#### Requirement:
When you reach the line below that has "Corgi 220 Chevrolet", start returning lines exactly, and stop after the line that has "A persistent marine"; skip the pictures.
── Source data ──
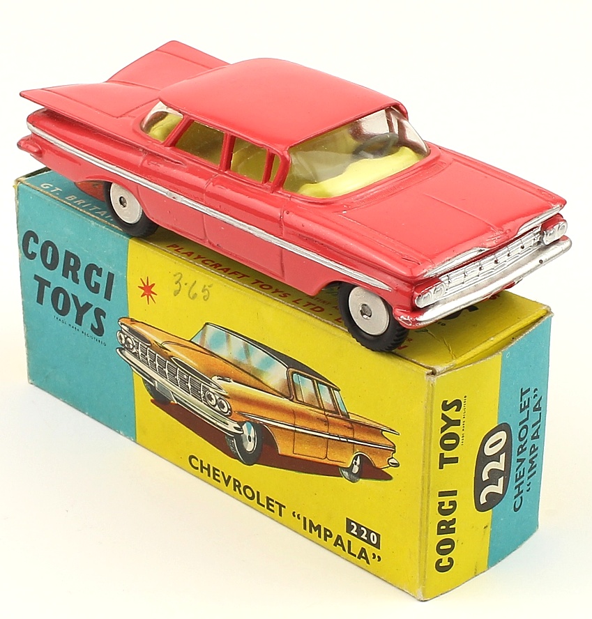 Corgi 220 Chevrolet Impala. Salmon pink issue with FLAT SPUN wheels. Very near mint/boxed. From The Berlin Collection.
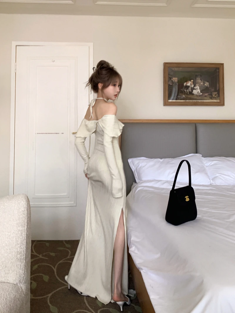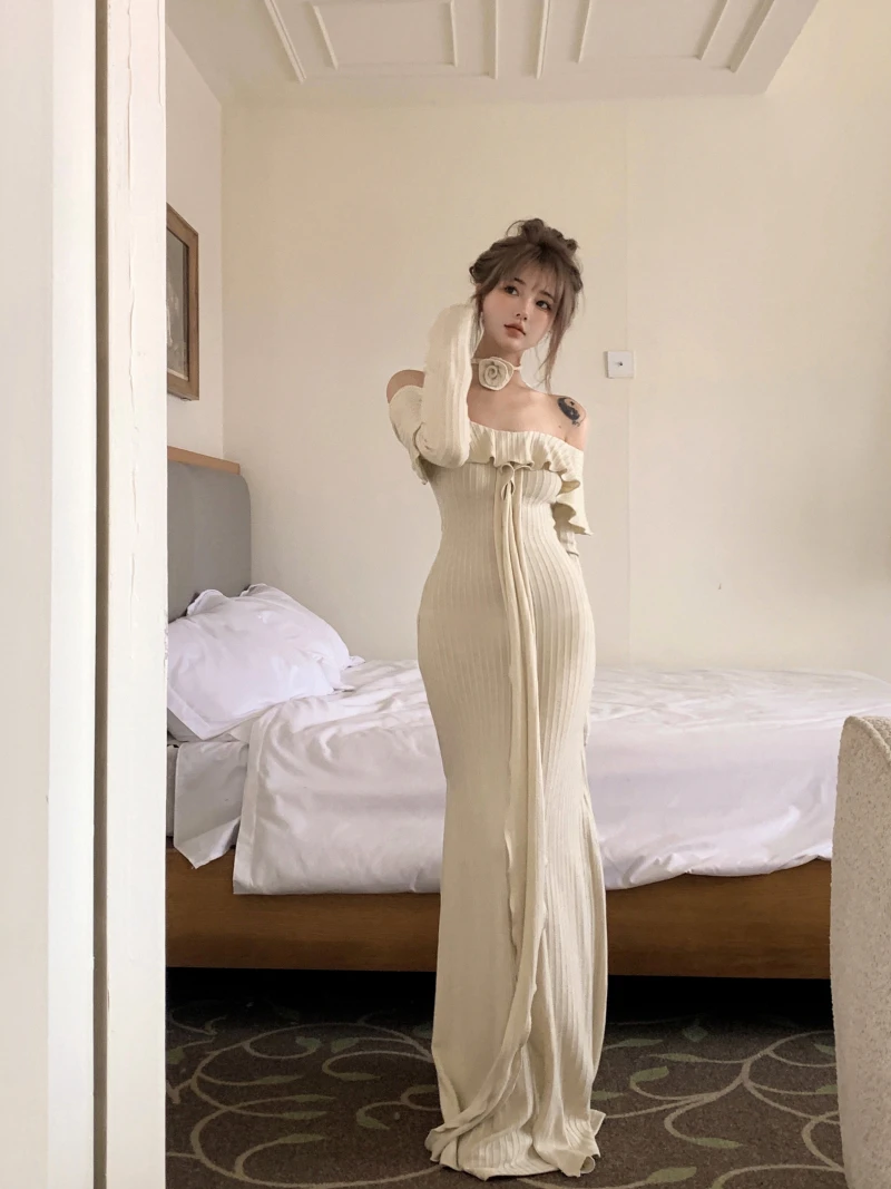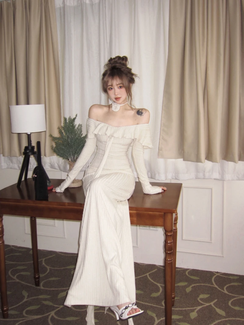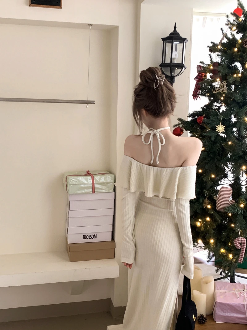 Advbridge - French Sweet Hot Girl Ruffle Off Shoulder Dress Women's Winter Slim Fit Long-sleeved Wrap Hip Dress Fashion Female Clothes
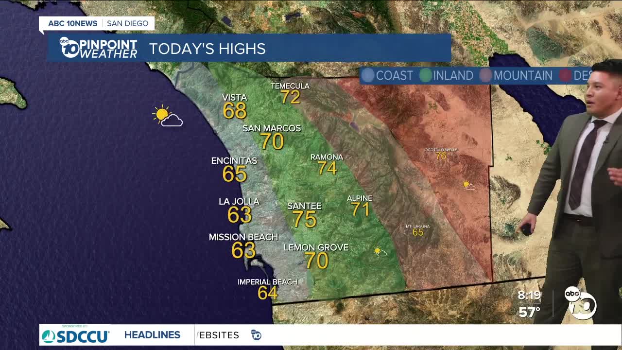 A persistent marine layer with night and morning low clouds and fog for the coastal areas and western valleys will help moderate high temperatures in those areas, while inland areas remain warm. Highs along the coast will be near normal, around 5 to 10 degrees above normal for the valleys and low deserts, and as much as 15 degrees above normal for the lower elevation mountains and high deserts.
───
── Source data ──
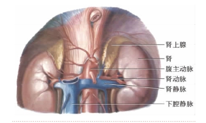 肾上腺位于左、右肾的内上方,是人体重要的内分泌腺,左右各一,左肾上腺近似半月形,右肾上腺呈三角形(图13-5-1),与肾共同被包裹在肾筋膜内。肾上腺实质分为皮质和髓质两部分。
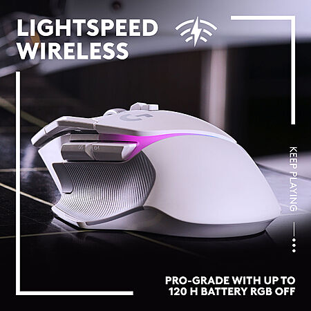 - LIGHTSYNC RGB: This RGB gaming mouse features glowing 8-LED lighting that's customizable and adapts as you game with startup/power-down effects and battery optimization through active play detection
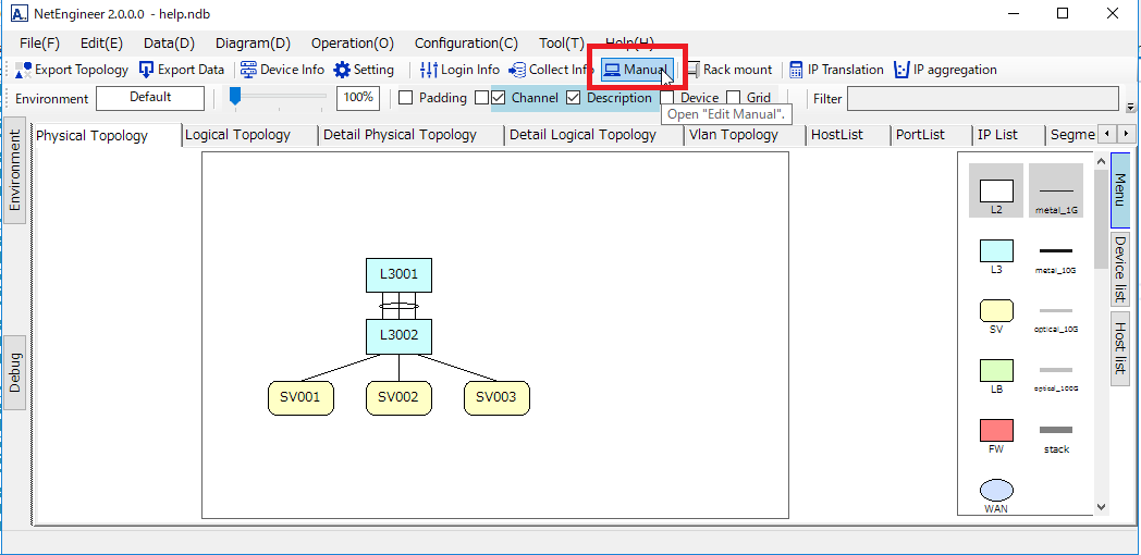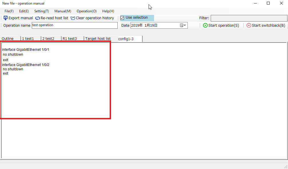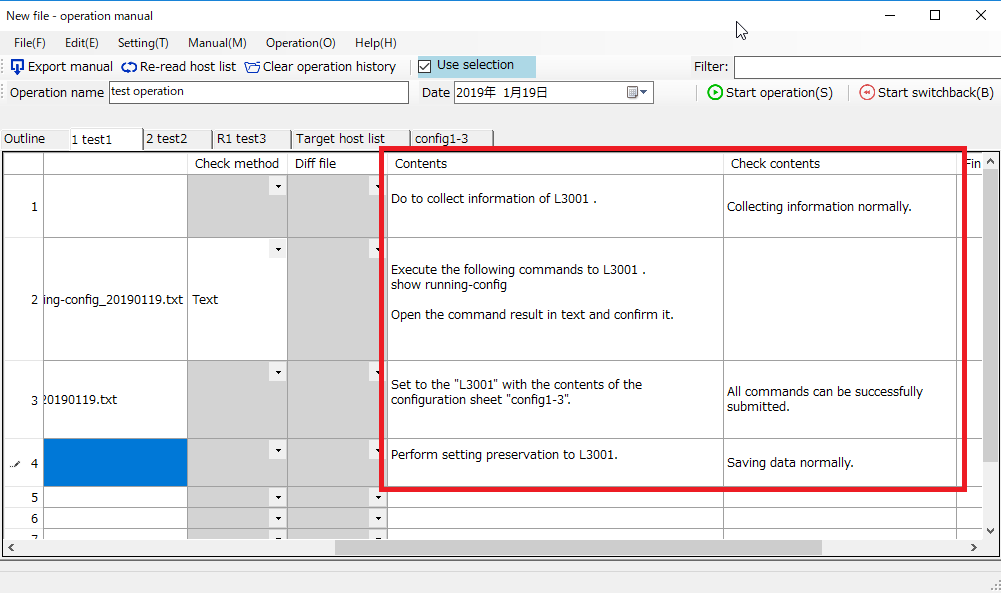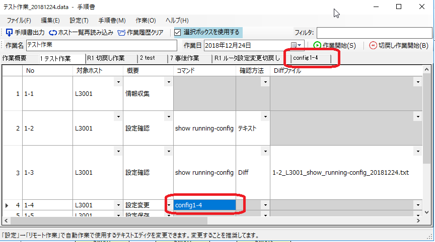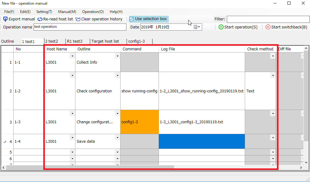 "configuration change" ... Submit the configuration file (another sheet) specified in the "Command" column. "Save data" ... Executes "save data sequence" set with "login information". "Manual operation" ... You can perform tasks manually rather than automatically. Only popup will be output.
───
#### Final answer:
 Corgi 220 Chevrolet Impala. Salmon pink issue with FLAT SPUN wheels. Very near mint/boxed. From The Berlin Collection.
 Advbridge - French Sweet Hot Girl Ruffle Off Shoulder Dress Women's Winter Slim Fit Long-sleeved Wrap Hip Dress Fashion Female Clothes
 A persistent marine layer with night and morning low clouds and fog for the coastal areas and western valleys will help moderate high temperatures in those areas, while inland areas remain warm. Highs along the coast will be near normal, around 5 to 10 degrees above normal for the valleys and low deserts, and as much as 15 degrees above normal for the lower elevation mountains and high deserts.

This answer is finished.